Bugün wellness, yalnızca “iyi hissetmek” değil, bütünsel olarak sağlıklı kalmak anlamına geliyor. Wellness kavramının isim babası olan Technogym’in kurucusu Nerio Alessandri’nin “Healthness” adını verdiği yeni yaklaşım, kişiselleştirilmiş sağlık çözümlerini yapay zekâ ve biyolojik veriyle birleştiriyor. Türkiye ise bu dönüşümün tam eşiğinde. Genç nüfusu, yükselen sağlık bilinci ve stratejik konumu sayesinde wellness alanında sadece bir tüketici pazarı değil, bir üretim ve deneyim merkezi de olabilir.

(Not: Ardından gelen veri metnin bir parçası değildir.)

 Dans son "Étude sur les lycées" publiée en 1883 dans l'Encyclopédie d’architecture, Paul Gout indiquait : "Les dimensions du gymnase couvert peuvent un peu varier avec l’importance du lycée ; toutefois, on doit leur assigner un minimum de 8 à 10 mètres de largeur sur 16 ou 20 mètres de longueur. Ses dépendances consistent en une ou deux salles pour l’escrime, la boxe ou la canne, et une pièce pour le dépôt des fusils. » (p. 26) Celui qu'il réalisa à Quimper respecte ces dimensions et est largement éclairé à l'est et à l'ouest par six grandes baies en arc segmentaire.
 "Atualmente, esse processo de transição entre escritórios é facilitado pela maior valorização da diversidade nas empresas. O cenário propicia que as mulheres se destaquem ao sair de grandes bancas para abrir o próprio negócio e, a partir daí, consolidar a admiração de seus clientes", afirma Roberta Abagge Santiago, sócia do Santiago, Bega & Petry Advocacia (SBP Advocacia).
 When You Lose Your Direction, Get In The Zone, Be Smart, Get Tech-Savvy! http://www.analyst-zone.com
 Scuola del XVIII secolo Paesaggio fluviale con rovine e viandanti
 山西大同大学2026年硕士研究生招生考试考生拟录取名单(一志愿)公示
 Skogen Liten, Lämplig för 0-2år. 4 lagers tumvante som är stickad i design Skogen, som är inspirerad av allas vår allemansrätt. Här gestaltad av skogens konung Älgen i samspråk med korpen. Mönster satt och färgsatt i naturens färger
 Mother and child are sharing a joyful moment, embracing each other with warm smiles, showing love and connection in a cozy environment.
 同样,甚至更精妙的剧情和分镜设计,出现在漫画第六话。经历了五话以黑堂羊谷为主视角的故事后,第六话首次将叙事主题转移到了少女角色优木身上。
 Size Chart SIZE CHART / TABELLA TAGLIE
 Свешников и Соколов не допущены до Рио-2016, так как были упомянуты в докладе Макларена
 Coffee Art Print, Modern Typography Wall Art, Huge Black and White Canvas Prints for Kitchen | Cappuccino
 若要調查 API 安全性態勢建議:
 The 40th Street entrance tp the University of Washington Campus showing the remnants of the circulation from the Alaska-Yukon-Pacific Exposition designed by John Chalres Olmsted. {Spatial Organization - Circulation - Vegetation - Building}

Bu potansiyelin farkında olarak yatırımlarımızı şekillendiriyoruz.
Hem iş dünyasında hem diplomatik alanda aktif bir figürsünüz. Fildişi Sahili Cumhuriyeti Fahri Konsolosluğu gibi bir görev iş hayatınızı nasıl etkiliyor?
Diplomasi, iş dünyasındaki reflekslerime farklı bir derinlik kattı. İnsan ilişkilerinde sabır, temsil gücünde hassasiyet ve çok boyutlu düşünme becerisi, bu görevle daha da gelişti. Fildişi Sahili Fahri Konsolosluğu görevim sayesinde sadece iki ülke arasında değil, iki kültür arasında da bir köprü olma sorumluluğunu taşıyorum. Bu da bana her işte uzun vadeli ilişkiler kurmanın ne kadar kıymetli olduğunu yeniden hatırlatıyor.
İtalya hükümeti tarafından Avrupa’nın en genç şövalyelik nişanı verilen kişi oldunuz. Akabinde Cumhuriyet Yıldızı Subayı ünvanına da layık görüldünüz. Bu ünvanlar sizin için ne ifade ediyor?
Bu nişan, benim için sadece bir kişisel başarı değil, temsil ettiğim değerlerin takdir edilmesi anlamına geliyor. İtalya’dan aldığım bu onur, Türkiye’de verdiğim emeğin ve iki ülke arasındaki bağları güçlendirme çabamın sembolü. Her ödül, yeni bir sorumluluktur. Bu nişan da bana sadece geçmişe değil, geleceğe karşı da bir taahhüt yükledi.